- Born: Grace A. Wang c. 1969

Academic background
- Education: University of California, Berkeley (BS); University of Minnesota (MS, PhD);

Academic work
- Discipline: Environmental policy; forestry; natural resources; sustainability;
- Institutions: Pennsylvania State University; Western Washington University;

= Grace Wang (sustainability scholar) =

American sustainability scholar (born c. 1969)

Grace A. Wang (born c. 1969) is an American sustainability scholar and professor at Western Washington University. At the university, she is a professor in the Department of Urban and Environmental Planning and Policy and director of the Sustainability Engagement Institute. Wang is best known for her publications on public lands and natural resource management, and for her advocacy of sustainability in higher education curricula and operations.

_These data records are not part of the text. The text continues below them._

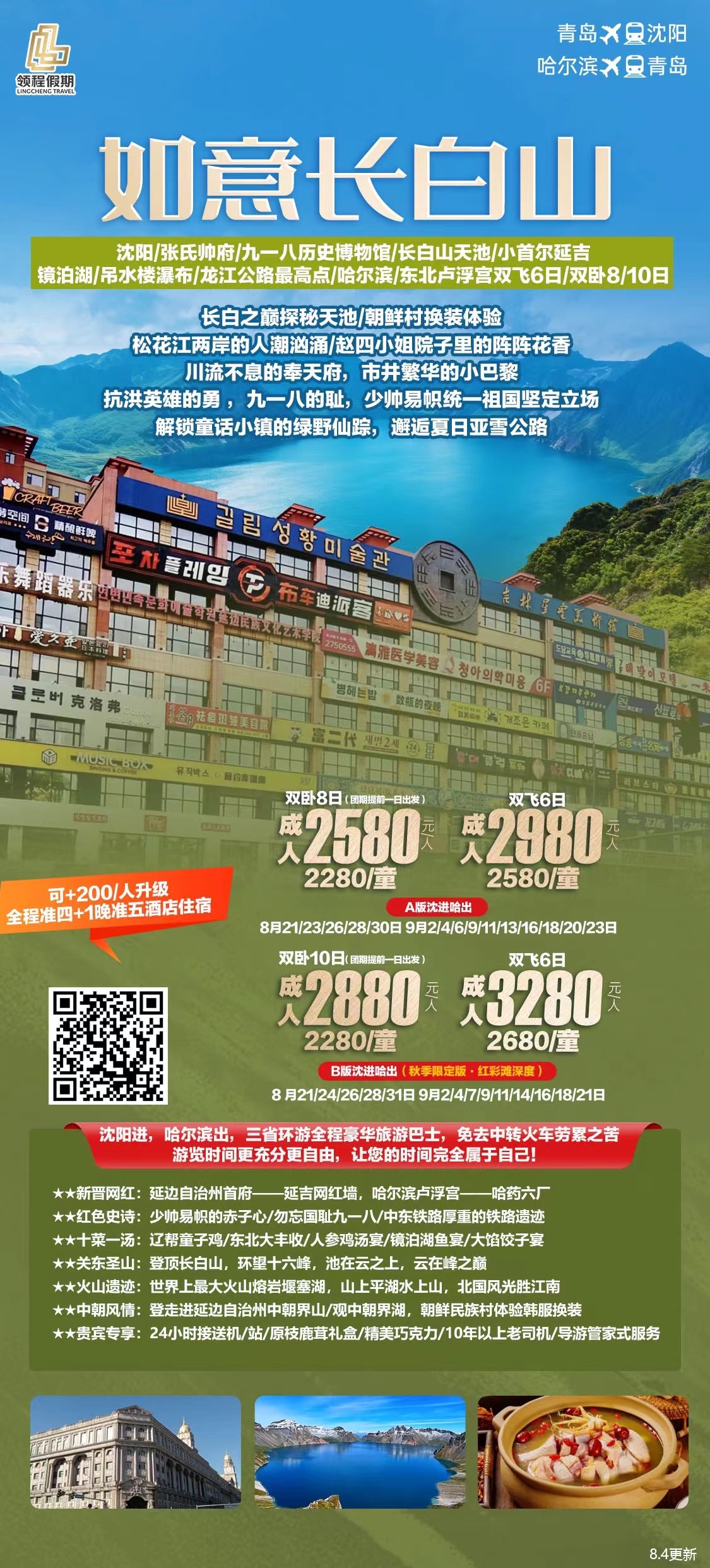 👍沈阳/张氏帅府/九一八历史博物馆/长白山天池/小首尔延吉镜泊湖/吊水楼瀑布/龙江公路最高点/哈尔滨/东北卢浮宫双飞6日/双卧8日小环线全景游‼️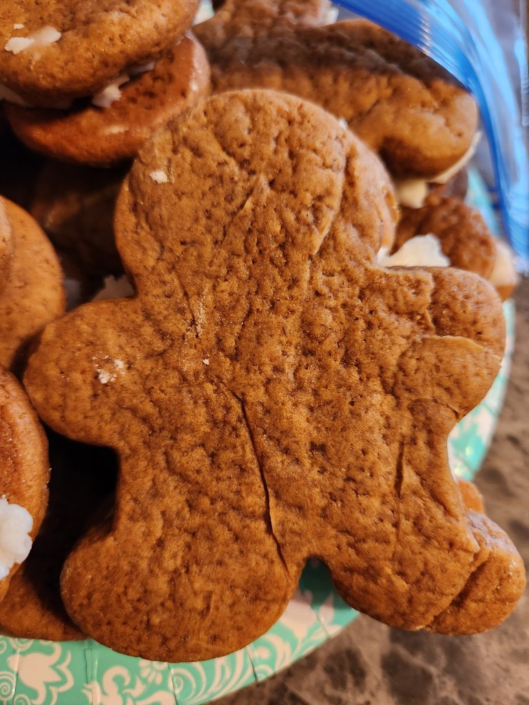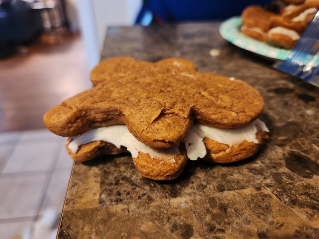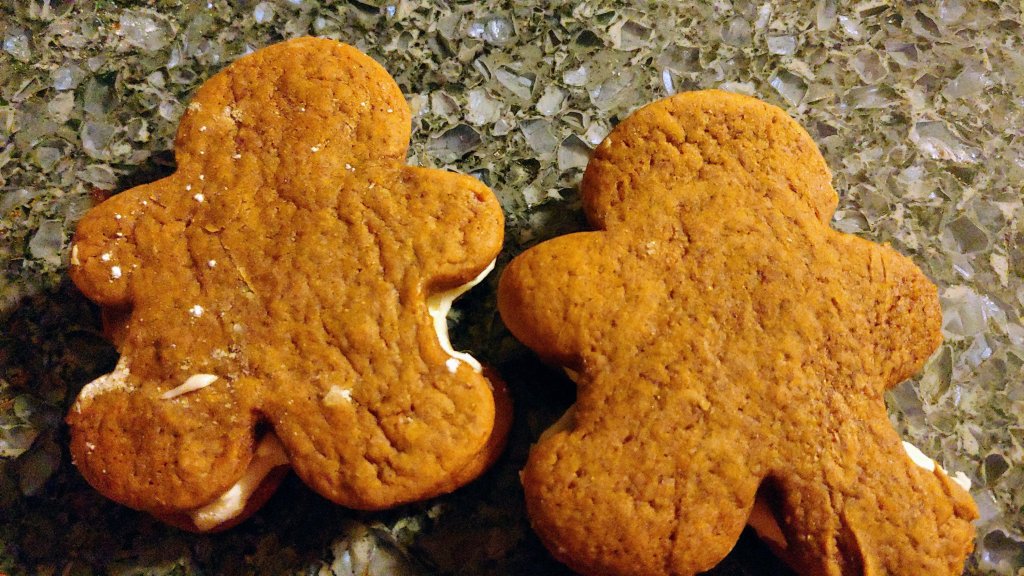 To celebrate our win over the Bengals (which was pretty stressful), I present gingerbread men/reindeer cookie sandwiches. One way they are gingerbread men,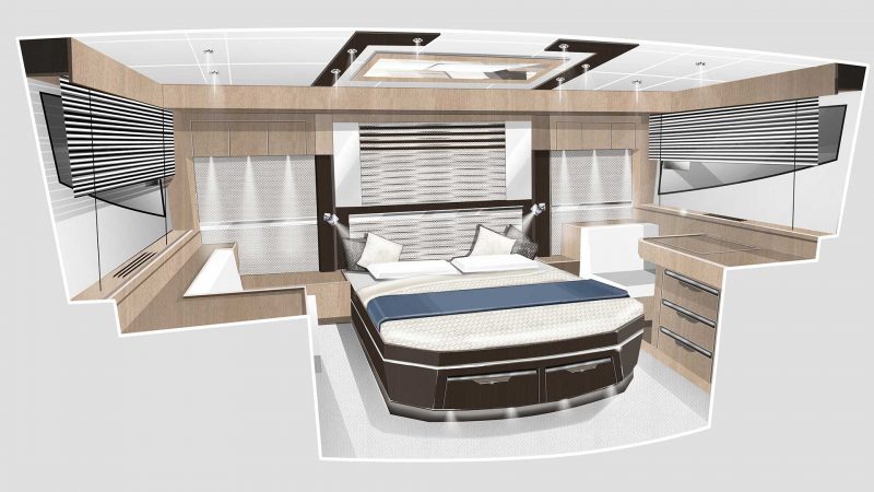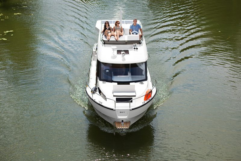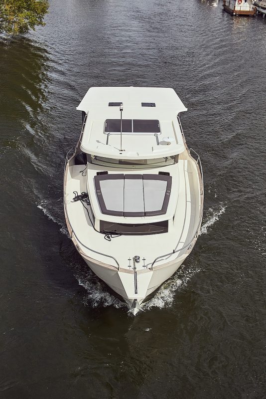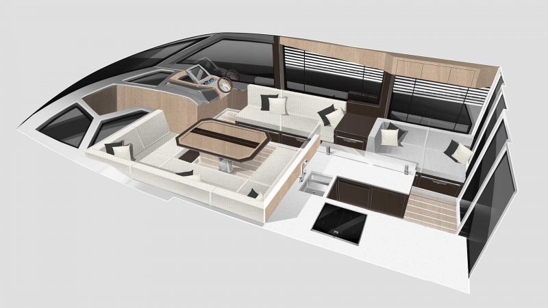 Na górny pokład z łatwością dostaniemy się komfortowymi schodami. „Flybridge” jako główne centrum rozrywki, oferuje mini bar oraz stanowisko sternika. Stolik oraz kanapę można szybko zmienić w poręczną, dużą przestrzeń do opalania. Pod pokładem znajdują się w 2 komfortowe sypialnie, w tym jedna z prywatną łazienką.
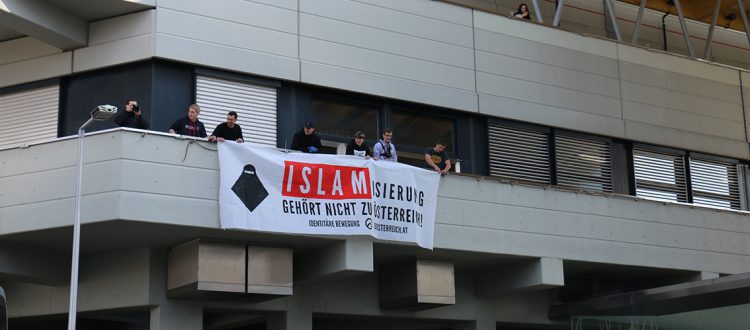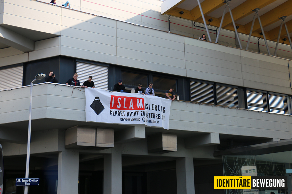 Aktivisten entrollten um 11h, zu Beginn des Treffens, direkt über dem Eingang ein Banner mit der Aufschrift: „Islamisierung gehört nicht zu Österreich“.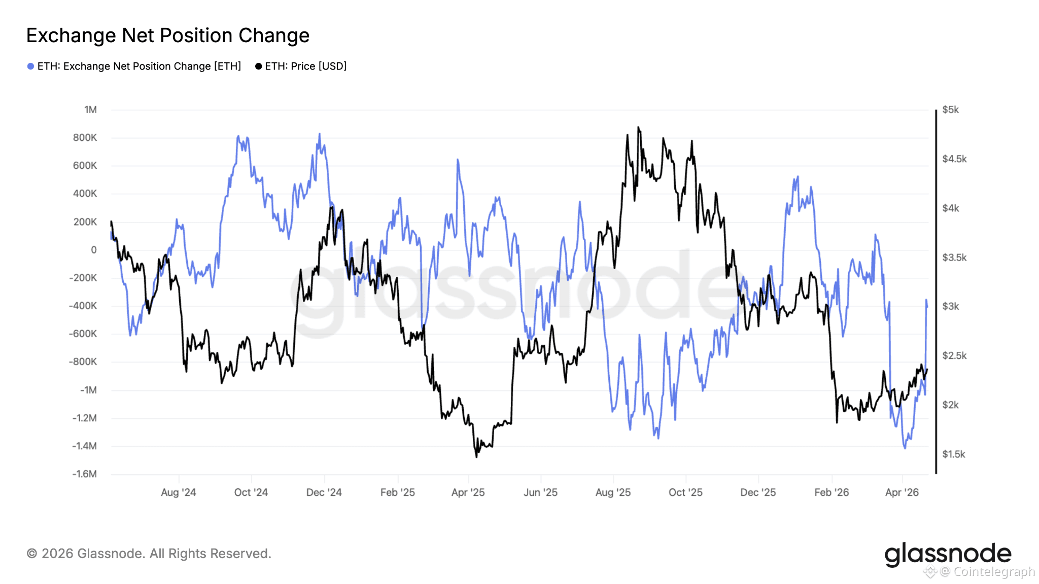 This is further reinforced by increasing exchange outflows, as the ETH net position change among exchanges fell by 1.4 million ETH on April 2, marking the largest spike in seven months, according to Glassnode data. The net position change is at -351,300 ETH at the time of writing on Thursday.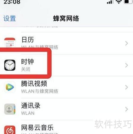 3、 进入蜂窝网络设置,选择时钟选项进行配置。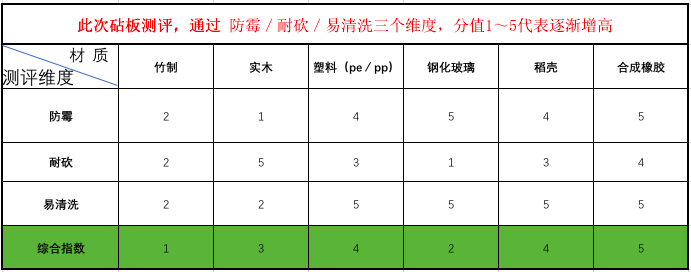 稻壳菜板综合指数:4星 。 防霉性:4星;耐砍性:3星;易清洗:5星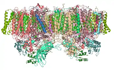 - ↑ Kamiya N, Shen JR (January 2003). "Crystal structure of oxygen-evolving photosystem II from Thermosynechococcus vulcanus at 3.7-A resolution". Proceedings of the National Academy of Sciences of the United States of America. 100 (1): 98–103. Bibcode:2003PNAS..100...98K. doi:10.1073/pnas.0135651100. PMC 140893. PMID 12518057.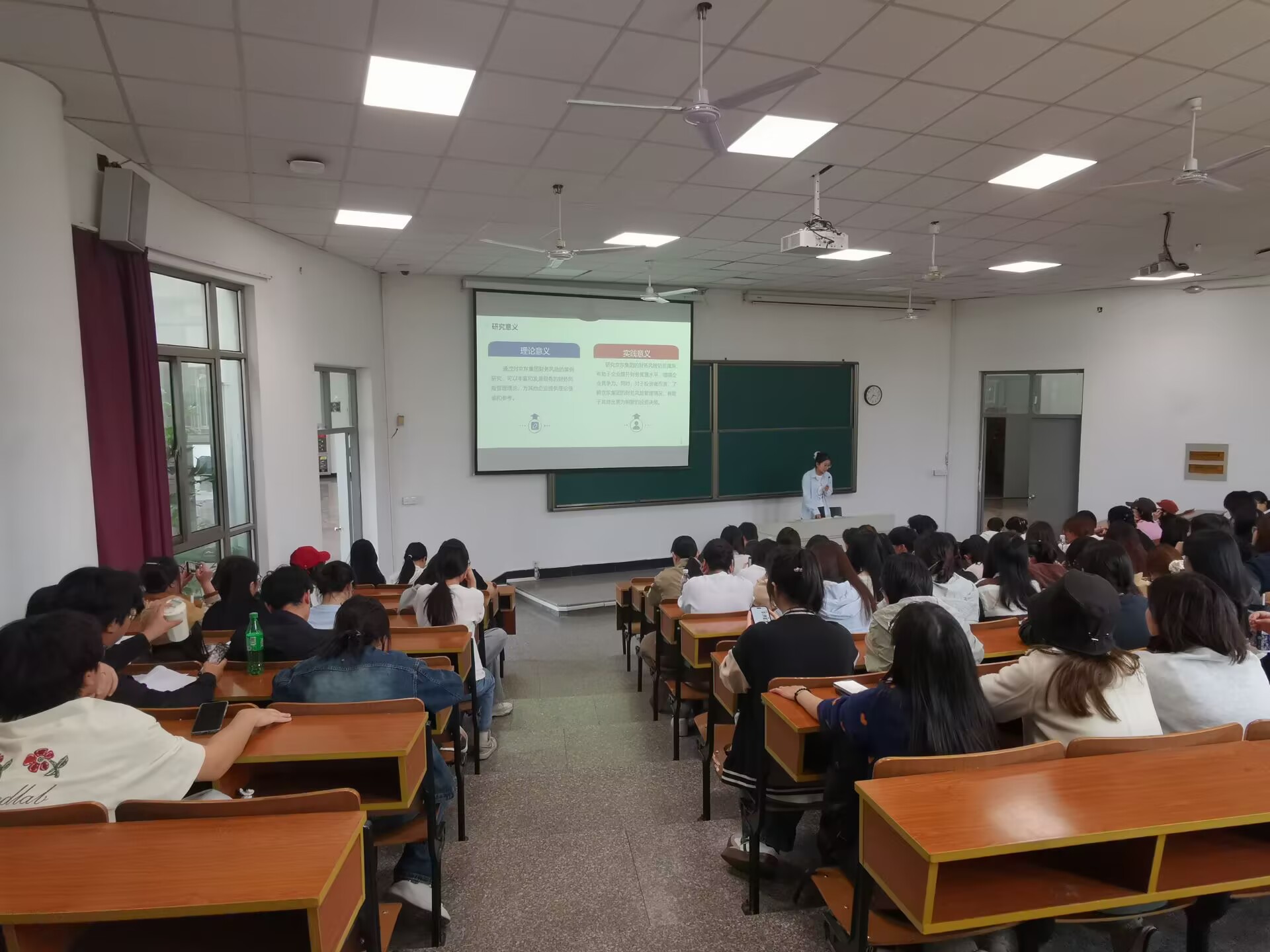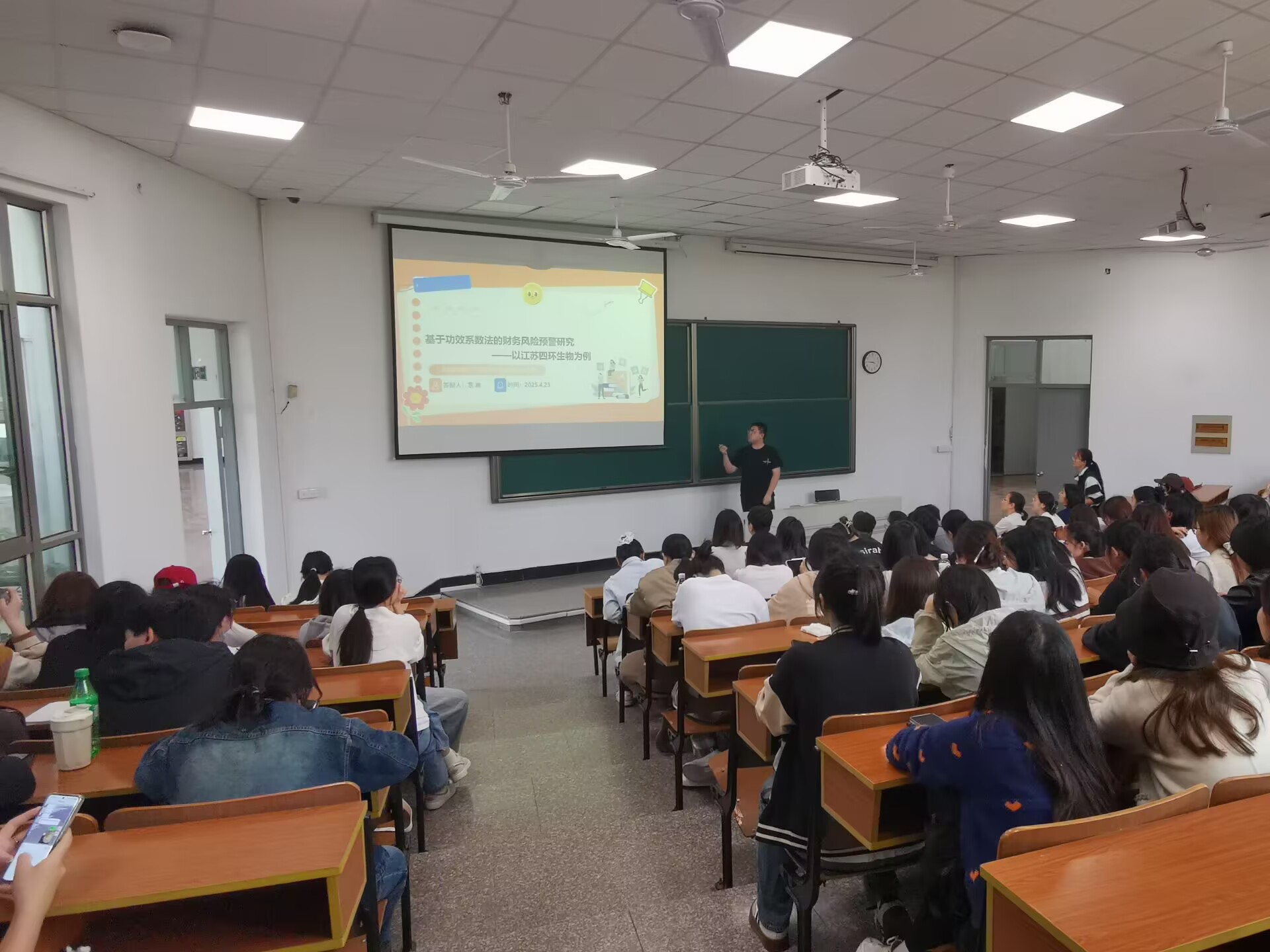此次公开答辩的学生是财务22322贺笑和财务22321章意同学,题目分别是《上市公司财务风险分析与防范措施的研究--以京东集团为例》《基于功效系数法的财务风险预警研究--以江苏四环生物为例》,指导老师分别是吴新尉和陈云老师。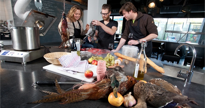 Culinaire Werkplaats MESS organiseert samen met Chef Marnix Benschop ( Ivy, Fat Duck, NOMA, de Matroos en het Meisje), jager Harmen Jan de Graaf, Sommelier Unico Wilkens (Bergse Cave) een uniek culinair workshopprogramma over wild en wijn in de moderne keuken. Je krijgt alle kans de geheimen van het wildseizoen te ontrafelen door er zelf mee aan de slag te gaan. Er is een uitgebreide uitleg over de jacht, seizoenen en natuurbeheer en je leert wijn-spijs-combinaties maken tijdens de proefsessie met onze Sommelier. Wat zijn de chemische processen waar je rekening mee moet houden bij het besterven en bereiden van het vlees? Ga zelf aan de slag met het villen van diverse soorten wild dat speciaal is geschoten op de Veluwe. Onder begeleiding van onze chefs werk je met de modernste apparatuur en technieken: sous-vide vlees garen, geleren en ijs maken met vloeibaar stikstof. Daarnaast is er ruim baan voor klassiekers als stoven en het bereiden van sauzen Het resultaat wordt een gastronomisch 6-gangen wilddiner waaraan iedereen meewerkt én ervan kan genieten. Reserveer vooraf via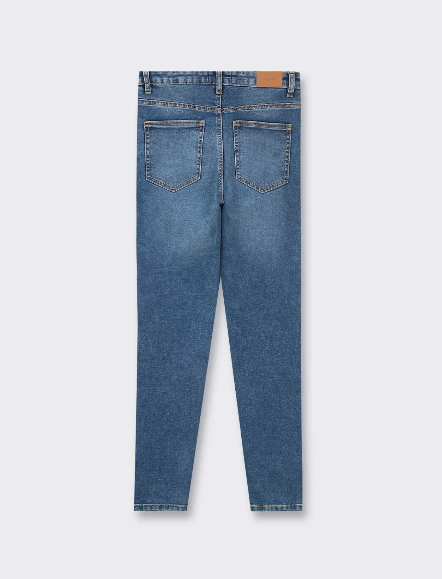 Jeans basic a 5 tasche, perfetti per ogni occasione. Con vita alta e vestibilità skinny, ti faranno sentire comoda e alla moda in ogni momento della giornata. La chiusura con zip e bottone garantisce praticità e sicurezza. Un capo essenziale nel guardaroba di ogni donna moderna. Il prodotto è di colore DENIM SCURO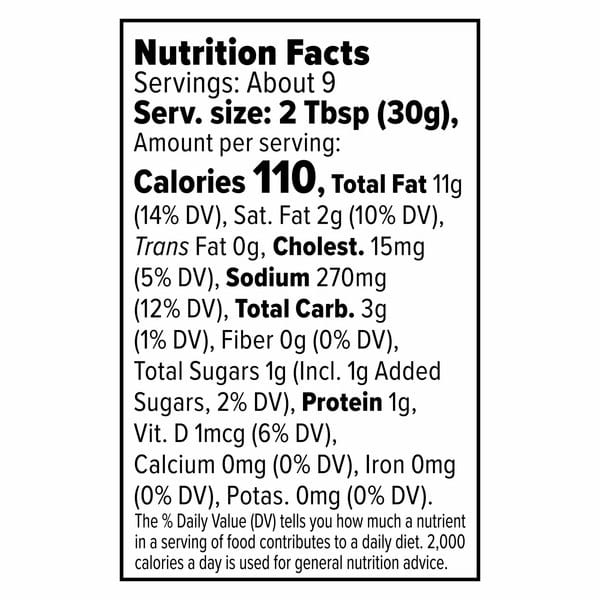 Soybean Oil, Water, Vinegar, Pasteurized Milk, Sugar, Enzyme Modified Egg Yolks, Egg Yolks, Chipotle Chili Peppers, Contains Less Than 2% Of Salt, Nonfat Dry Milk, Garlic Powder, Modified Food Starch, Spices, Dried Onions, Lactic Acid, Lime Juice Concentrate, Xanthan Gum, Mustard Flour, Natural Smoke Flavor, Butter (cream, Salt), Sodium Phosphates, Corn Powder, Cultures, Enzymes, Natural Flavor, Smoked Paprika, Jalapeno Peppers, Citric Acid, Potassium Sorbate, Sodium Benzoate And Calcium Disodium Edta (to Protect Flavor)

== Early life and education ==
Grace Wang was born in circa 1969, and is of Taiwanese descent. She grew up in the Seattle area of Washington state, and was drawn to natural resource conservation through her time spent camping and fishing with family. She attended the University of California, Berkeley, from which she received a B.S. degree in the political economy of natural resources. She then attended the University of Minnesota, where she attained M.S. and Ph.D. degrees in forestry.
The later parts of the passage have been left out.